Bulkeley's article, however, began with the statement that one student in the class received the highest grade in the bargaining section of the course because he was willing to lie. "That student he mentioned did not get a good grade in the course because he was willing to lie," Raiffa said. "I re-averaged the grades with those games that made lying advantageous, and he still came out ahead. He just did well generally."

"The issue of lying always came up," Bulkeley said. "Whether or not lying was advantageous in a particular game. Just allowing lying and rewarding it makes a lot of people feel the course is, in effect, endorsing it."

However Raiffa contends. There's an innuendo in the article that I'm not concerned with the problems of ethics, and that's a serious character assessment."

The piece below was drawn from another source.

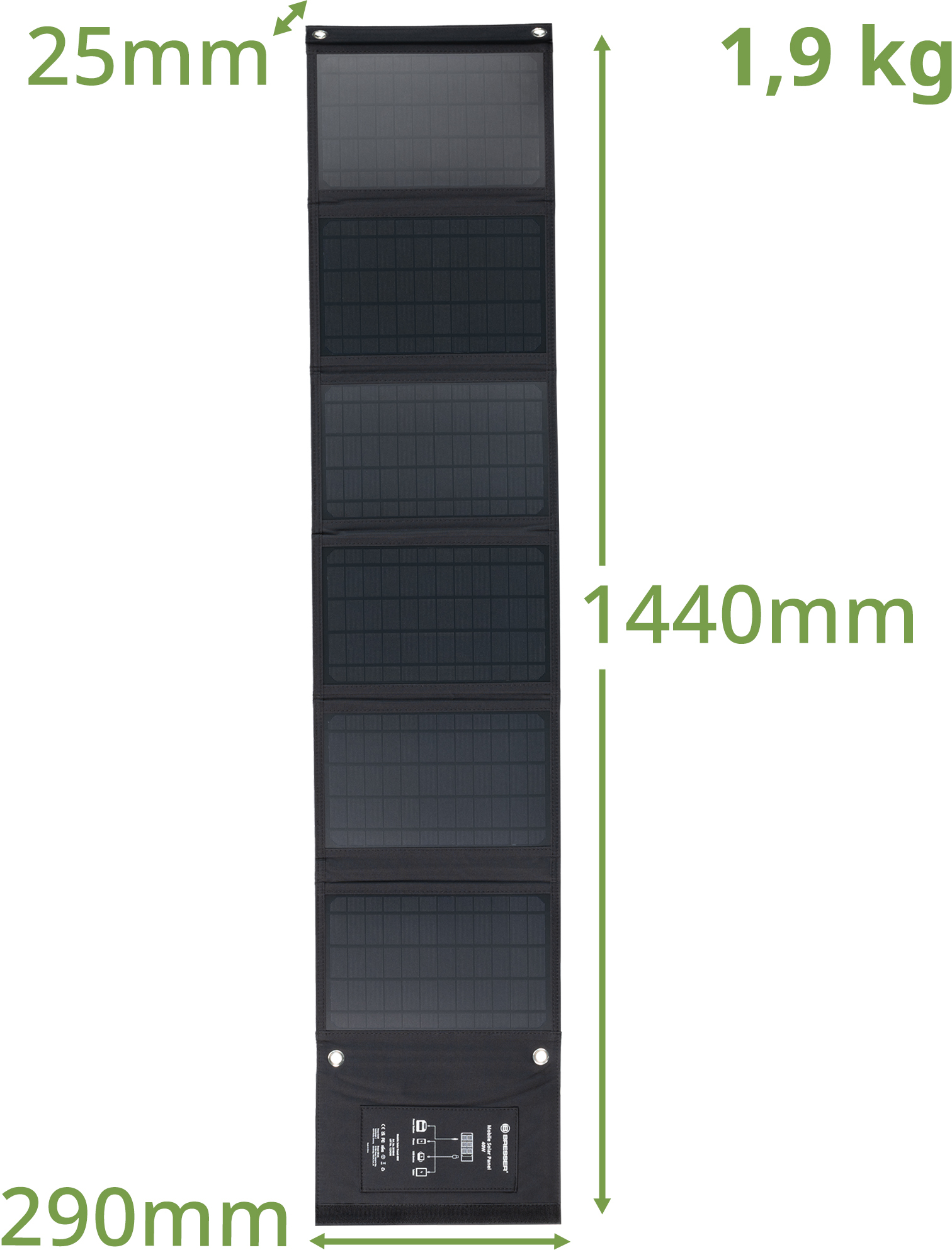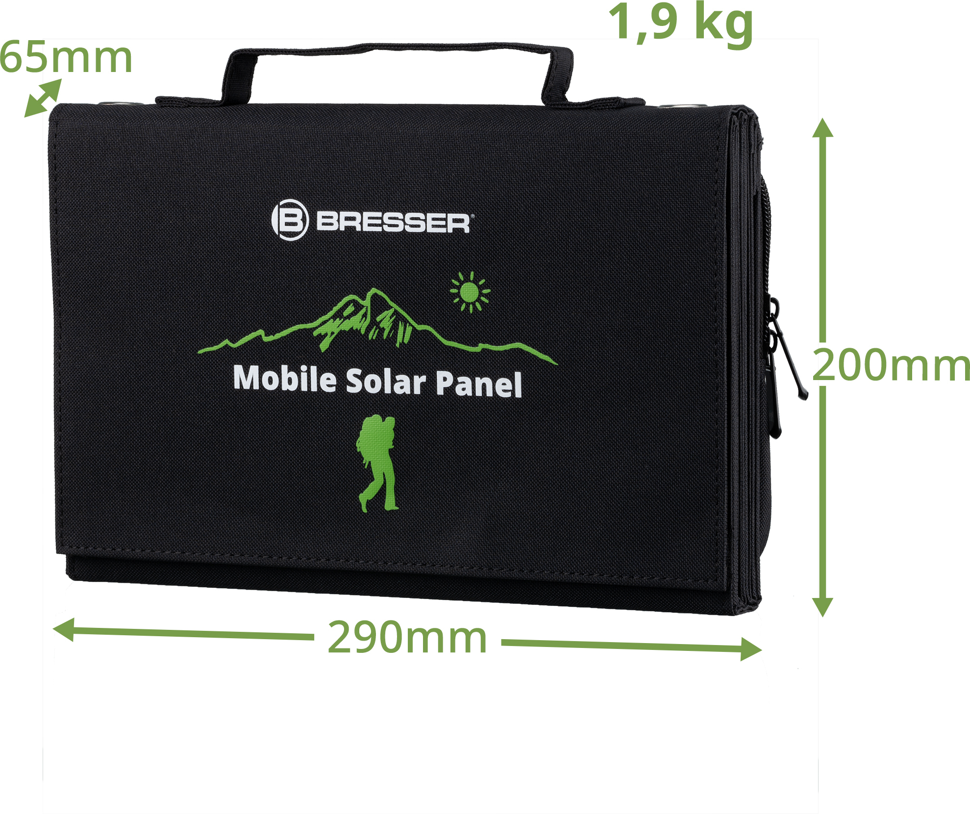 Panel solar ultracompacto para cargar smartphones, power banks, etc., rápido y eficaz gracias a las células solares monocristalinas de última generación y a la toma USB-A adicional con estándar QC3.0. .Viajes autosuficientes con el cargador solar BRESSER.Para los que disfrutan del aire libre durante largos periodos de tiempo y no quiere prescindir de su smartphone, tableta, powerbank, etc, se preguntarán¿dónde puedo encontrar la toma de corriente más cercana? Con el cargador solar ultracompacto BRESSER, sólo tiene que utilizar la energía del sol para cargar sus dispositivos. La energía solar, respetuosa con el medio ambiente, es gratuita y usted sigue siendo independiente de la red eléctrica..Simplemente ábralo, póngalo y produzca inmediatamente energía solar verde.El manejo es muy sencillo: despliegue el panel solar y alinéelo lo más perpendicularmente posible al sol. A continuación, conecte el dispositivo que desea cargar al cargador solar, ya sea con un cable USB adecuado (no incluido) o con el cable de conexión de CC incluido. El proceso de carga comienza inmediatamente..¿Qué dispositivos puede cargar el panel solar? todos los dispositivos con una conexión de alimentación USB o la conexión de enchufe de corriente continua vuelvan a funcionar en poco tiempo: por ejemplo, teléfonos inteligentes, tabletas, bancos de energía, playstations portátiles, reproductores MP4, dispositivos GPS y auriculares Bluetooth. Para cargar grandes estaciones de energía, recomendamos los paneles solares BRESSER más potentes con al menos 60 vatios de potencia de salida - ver art. no. 3810050, 3810060, 3810070..Cargador universal con opciones de conexión flexibles.Para alimentar sus dispositivos, dispone de dos tomas USB A de color negro para la carga normal y otra toma USB A de color naranja con el estándar QC3.0 para la carga rápida de las nuevas generaciones de dispositivos. El volumen de suministro incluye un cable de conexión universal adicional con una clavija DC hueca de 5,5/2,1 mm de diámetro y 2,5 metros de longitud, así como 3 adaptadores de enchufe (3,5/1,35 mm, 5,5/2,5 mm, 8,0/5,5/0,8 mm). La polaridad de los conectores es la siguiente: Contacto interior = positivo (+), contacto exterior = negativo (-)..¿Cuánto tiempo tarda en cargarse una batería?.He aquí un breve cálculo: Divida la capacidad de la batería (mAh) por la corriente de carga del cargador (mA) y multiplíquela por un factor de 75. Esto le da el tiempo de carga aproximado en minutos que se necesita para cargar completamente la batería al 100% de la duración del sol..Ejemplo: Una batería con una capacidad de 3000mAh (3,0 Ah) y una corriente de carga a través de una conexión USB de 5 voltios de 3100mA (3,1 amperios). Entonces 3000 : 3100 x 75 = 73 minutos. Dividiendo el resultado entre 60 se obtiene el tiempo de carga en horas: 1,2 horas..Esto significa que un smartphone medio puede cargarse completamente en solo 1,2 horas con un panel solar de 40 vatios. .Ganchos de mosquetón para la fijación

Asked whether his course in any way condones lying in business, Raiffa cited an analogy used in a letter to him from two former students and Roger Fisher '43, Williston Professor of Law.

"When, in the 1950s," the letter began, "Robert Hutchins was haled before a congressional committee and asked if it was true that the University of Chicago taught communism, he replied, 'Yes. And in the medical school we teach cancer.'"

"It's a valid analogy," Raiffa said. "To deal with a problem, we have to teach about it."